The Doctor didn’t fire the Moment just to stop the Daleks, sacrificing his own people in the process. He fired the Moment to prevent the immediate destruction of the universe by the High Council of the Time Lords.

Now, perhaps Mr. Moffat took the easy route with the narrative, since focusing on the children is a lot simpler (and quicker) for the audience relate to than dredging up the complicated backstory last seen three years ago. (Though, one might argue that the children were doomed in any of the three possible outcomes: killed by Daleks, destroyed by the Moment, or erased by the Final Sanction, since the majority of Gallifreyans are not Time Lords, who are the ones who would ascend.) Sometimes you have to make sacrifices to narrative flow.

The change to the end of the Last Great Time War takes a bit of getting used to, but I think it’s great that the Doctor now has something of a quest to work towards. Eventually he will find Gallifrey and bring it out, and then the Time Lords will be back. The Time Lords are jerks. They always have been. They’ve insisted on non-interference in other planets’ affairs and enjoy taking the Doctor to task for it, and then go off and interfere themselves, to their own selfish ends, sometimes on a planetary scale (see Ravolox). When they go bad, they go really bad (see Borusa and Rassilon), and the Last Great Time War corrupted them even more (only two of them voted against the Final Sanction). I can’t imagine that Rassilon is going to be very happy to see the Doctor when Gallifrey reappears.
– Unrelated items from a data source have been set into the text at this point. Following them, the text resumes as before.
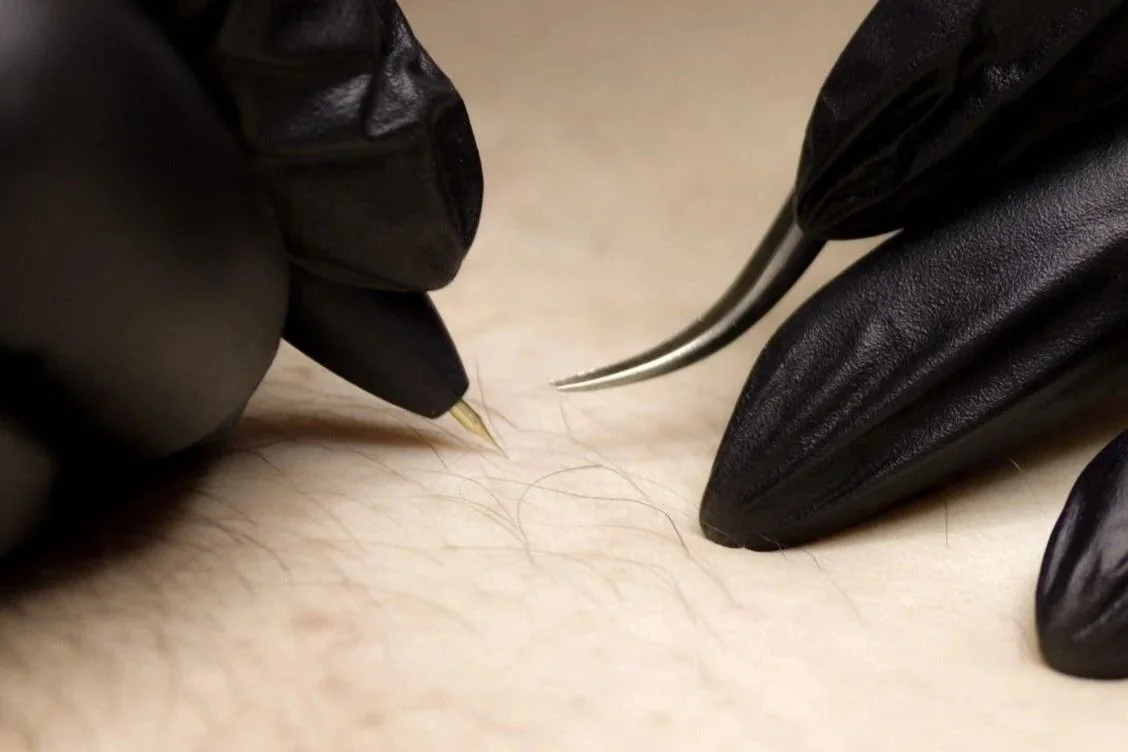 Electrolysis is a method of permanent hair removal that works by delivering a small electrical current into each individual hair follicle, effectively destroying the growth centre of the hair. It is suitable for all skin types and hair colours, including white and blonde hairs that cannot be treated with laser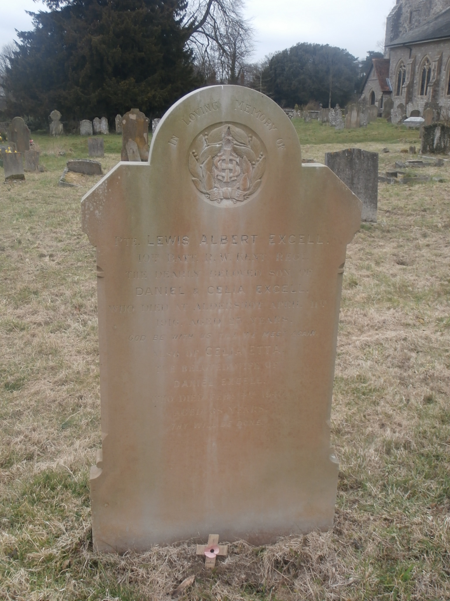 Private Lewis Albert EXCELL, G/11473, 10th Battalion, Queens Own Royal West Kent Regiment, died at Aldershot Isolation Hospital, 11th April 1916, age 22.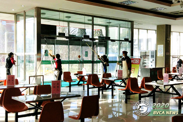 精細餐廳衛(wèi)生,雕琢就餐環(huán)境。面對21號職工返崗上班,物業(yè)人員積極做好餐廳衛(wèi)生準備工作。連續(xù)兩天從上午7點至下午17點,對洗消間、前廳、門窗、玻璃、吊燈進行細致打掃、精心擦拭,不留一點衛(wèi)生死角,力求餐廳環(huán)境衛(wèi)生的精益求精,為師生打造干凈整潔的就餐環(huán)境。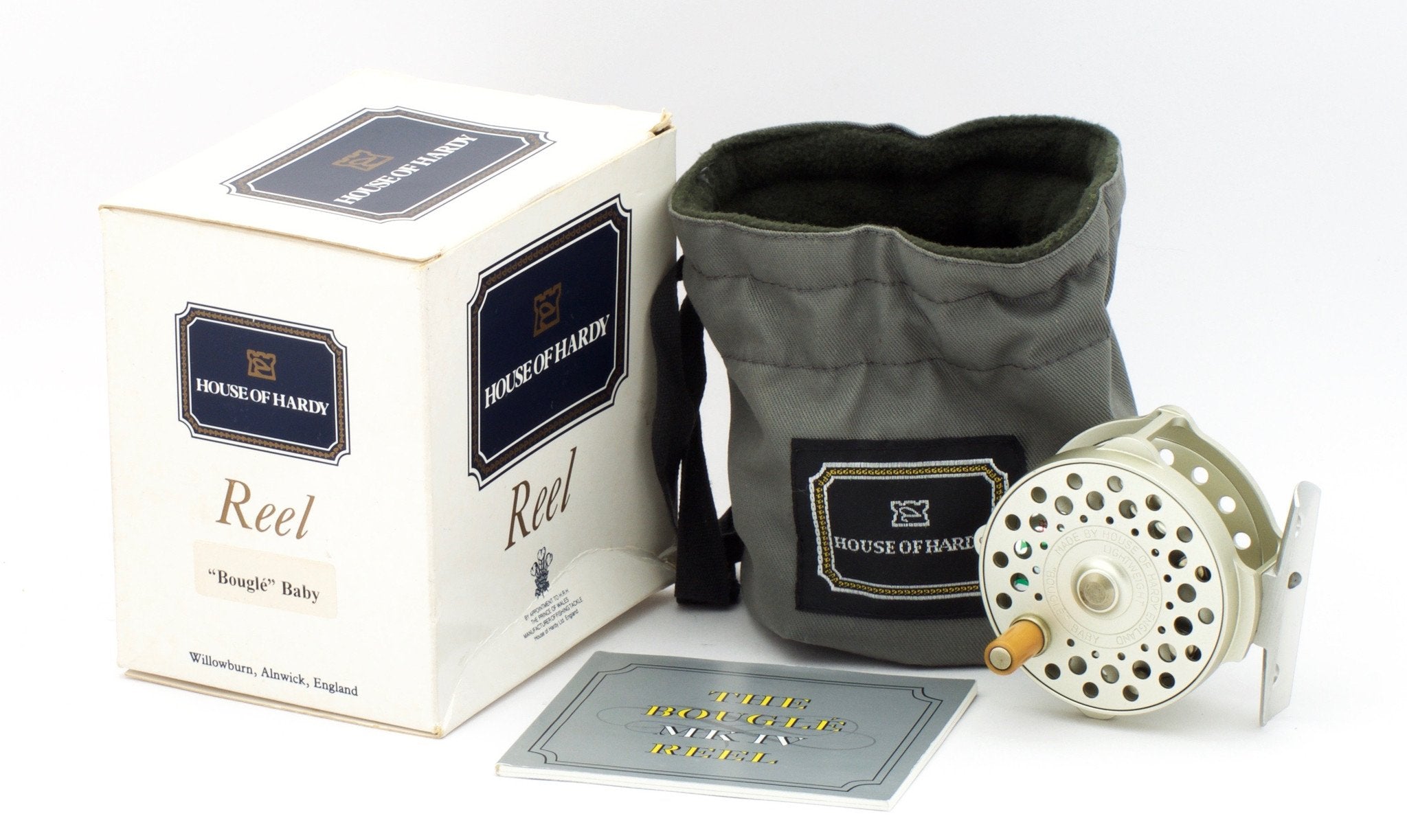 For sale here is a Hardy MKIV Baby Bougle Lightweight fly reel in mint, unused condition. Right or left hand retrieve. Made in Alnwick, England. Made for 2/3/4 weight fly lines.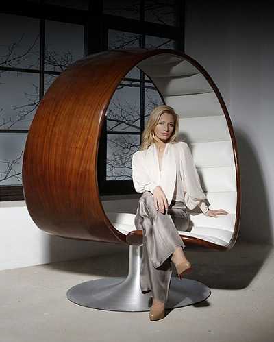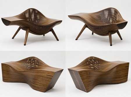 Интересное кресло из лакированного дерева. Представлено оно в виде полукруга, с мягким основанием для спины и для ног. Конечно, такой концепт уникален, но практичен ли он? Скорее всего, что нет, ведь если долгое время находиться в таком положении, то спина начнет затекать и уставать.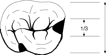 no se extiende hasta el ángulo vestíbulo mesial, sino que queda un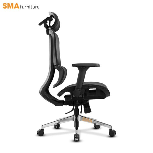 Tựa đầu của SMA Evo có thể điều chỉnh 4D cho phép tùy chỉnh vừa vặn với nhiều vóc dáng và thói quen ngồi khác nhau. Khi điều chỉnh đúng, tựa đầu giảm áp lực cho cổ và vai, hạn chế mỏi gáy khi làm việc lâu hoặc đọc tài liệu. Tính linh hoạt này cũng hữu ích khi bạn cần thay đổi nhanh tư thế giữa làm việc và nghỉ ngơi.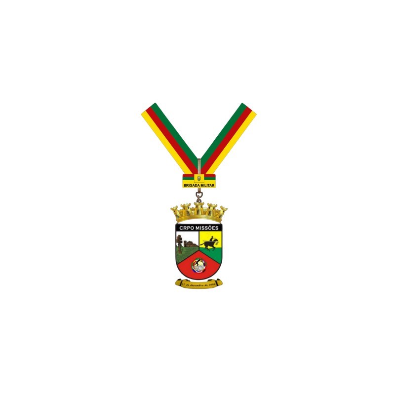 Art. 5º A Comenda “Sepé Tiaraju” será cunhada com revestimento em bronze, com as dimensões de 90mm de altura por 60mm de largura, apresentando no anverso o brasão do CRPO/Missões, tudo em relevo e vazado, pendente de uma fita achamalotada em três linhas alternadas de igual largura, nas cores VERDE, VERMELHA e AMARELA, todas medindo 35mm de largura total (ANEXO A).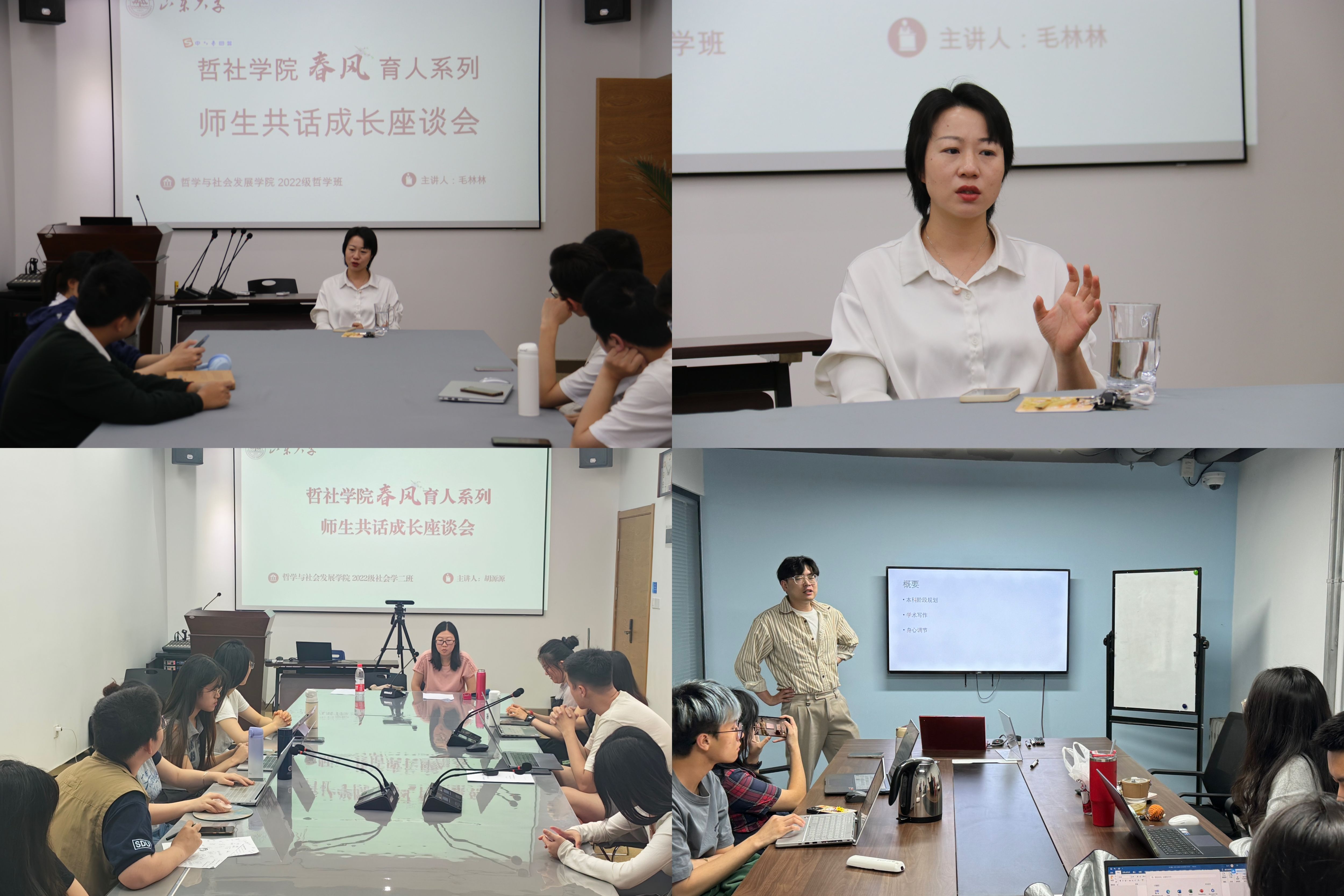 座谈会上,班主任老师基于前期调研收集的班级同学困惑,从自身成长经历出发,以自身丰富的学术背景和深厚的人生阅历,为同学们带来了生动的经验分享,引发同学们的强烈共鸣。自由交流环节,同学们分享了自己的感悟及心路历程,提出自己在求学、发展道路上的困惑,班主任老师们一一给予耐心解答,现场气氛温馨热烈,师生畅所欲言。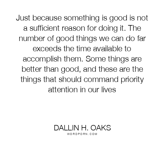Just because something is good is not a sufficient reason for doing it. The number of good things we can do far exceeds the time available to accomplish them. Some things are better than good, and these are the things that should command priority attention in our lives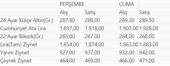 İstanbul Kapalıçarşı'da alınıp satılan altın türlerinin, önceki ve bugün itibarıyla kapanış fiyatları (TL) şöyle: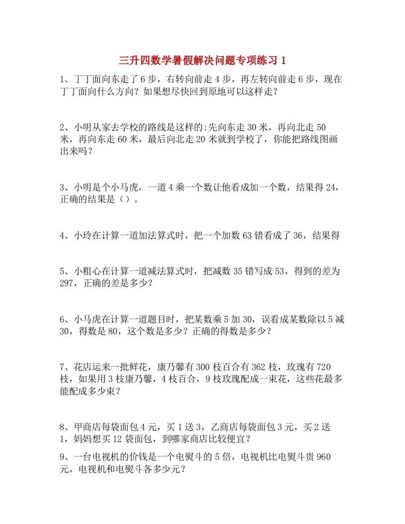 三升四数学暑假解决问题专项练习-四上数学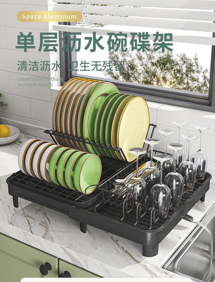 Escurridor de Platos Retráctil de Una Capa para Cocina, Escurridor de Vajilla para el Hogar, Escurridor de Vajilla, Tazas y Cubiertos, Multifuncional, Escurridor Junto al Fregadero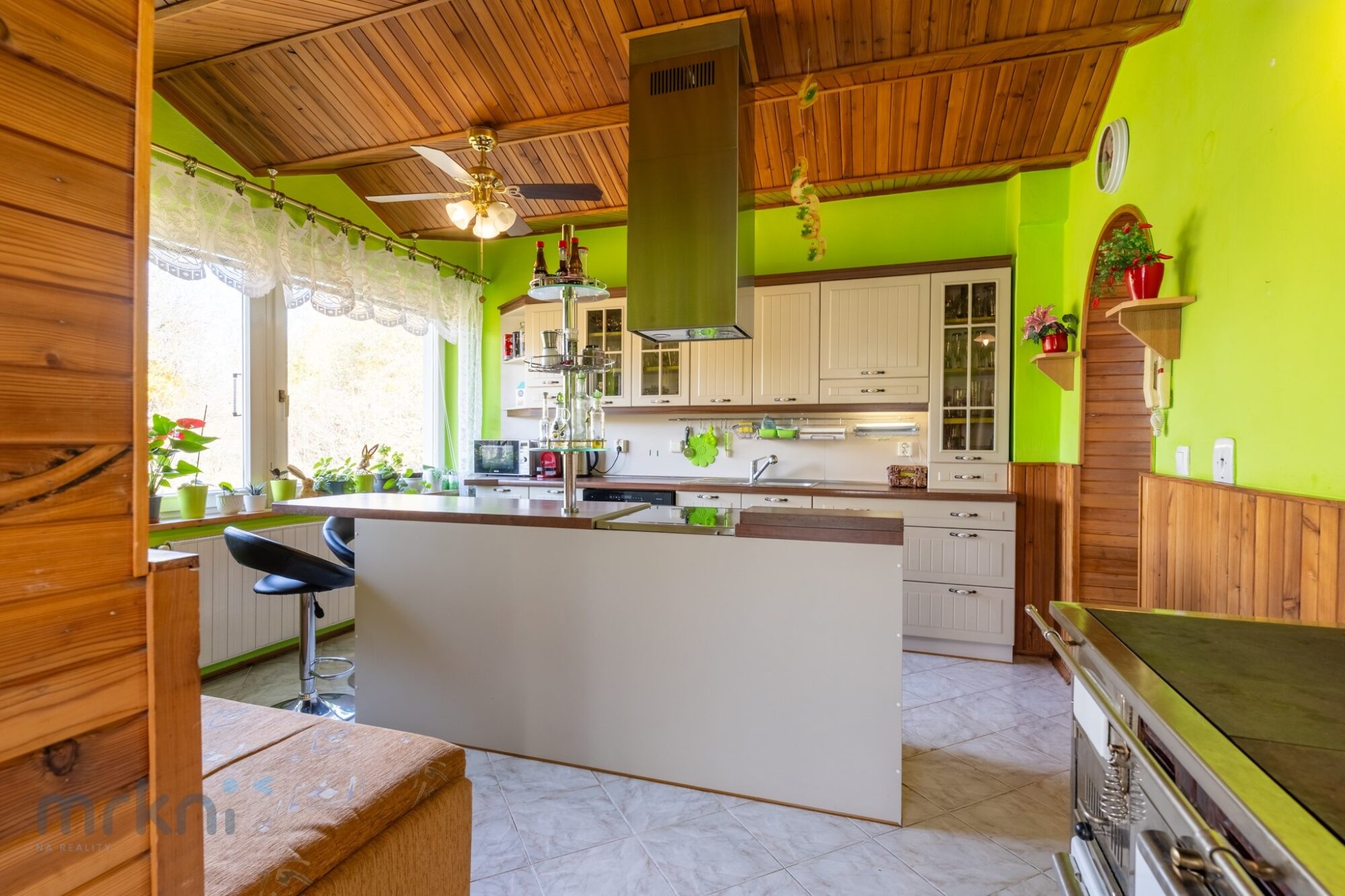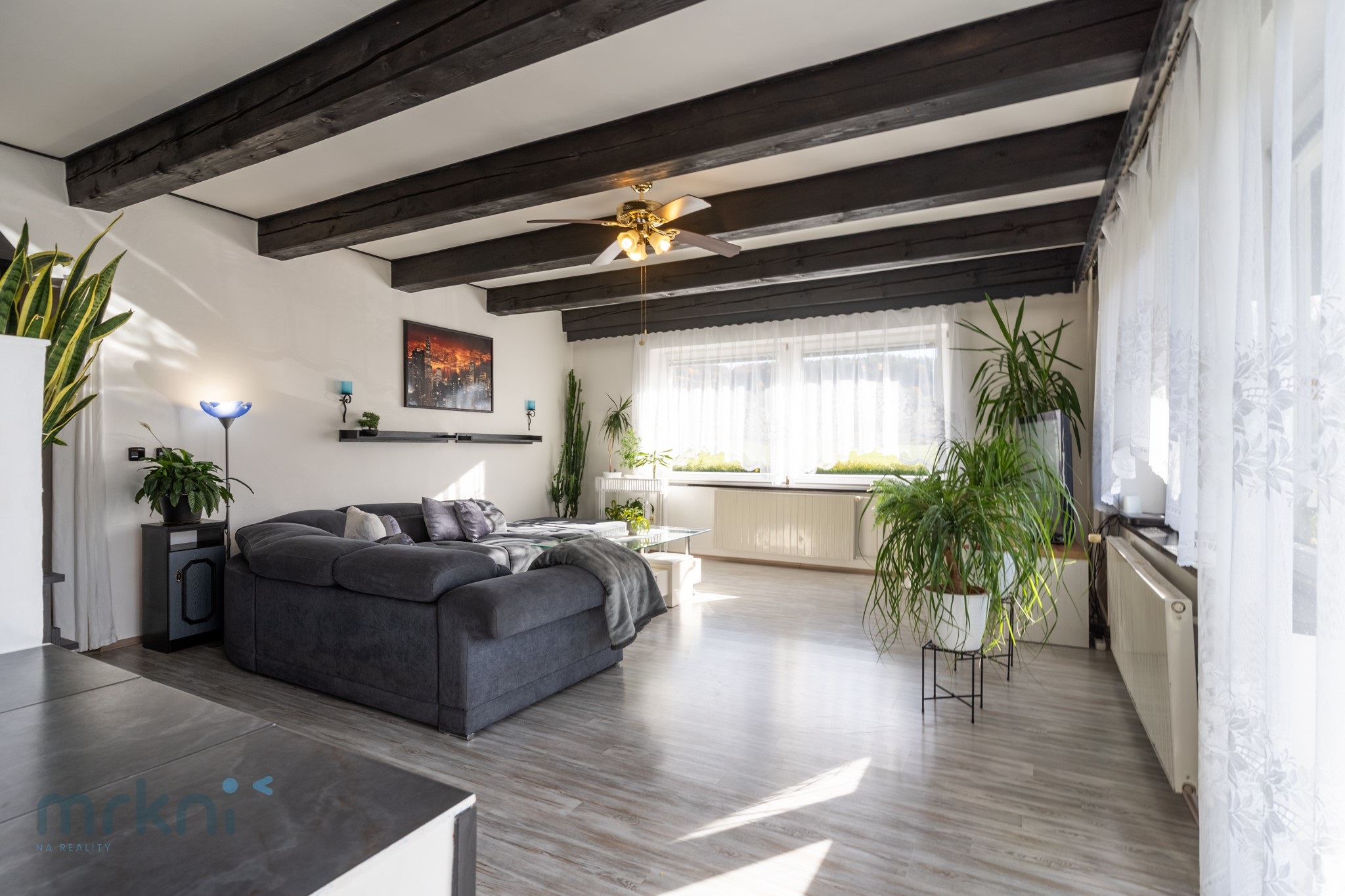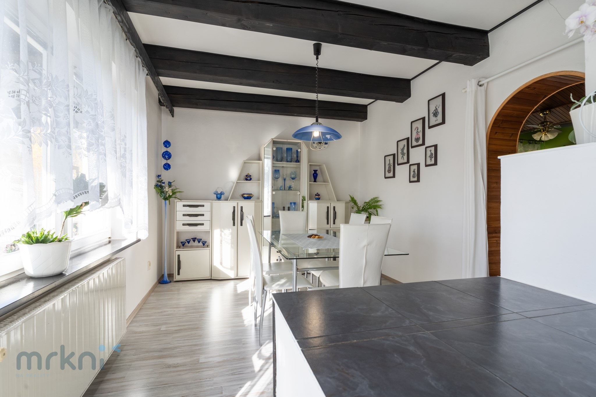 - prostorná kuchyně → jídelna → obývací pokoj (propojené, přirozeně navazují)

I’m also enjoying the mental gymnastics needed to really grok this storyline; the analysis has been fueling the conversation between me and my husband for the past two days (one outcome of which I’ll elaborate on in the next post). I find it difficult to really see how the Ninth and Tenth Doctor (and most of the Eleventh Doctor) comes out of the events here. The Moment wasn’t really fired, but up until the events in “The Day of the Doctor” in Eleven’s timeline, the Doctor thinks the Moment has been fired. Whaaa-? I know that the takeaway is “Everything in the last seven seasons of the show really did happen – just go with it,” but I’m a fan of the backstory and I must understand how it all fits together.  Yes, I know, this is Doctor Who and it doesn’t all fit together, but I try.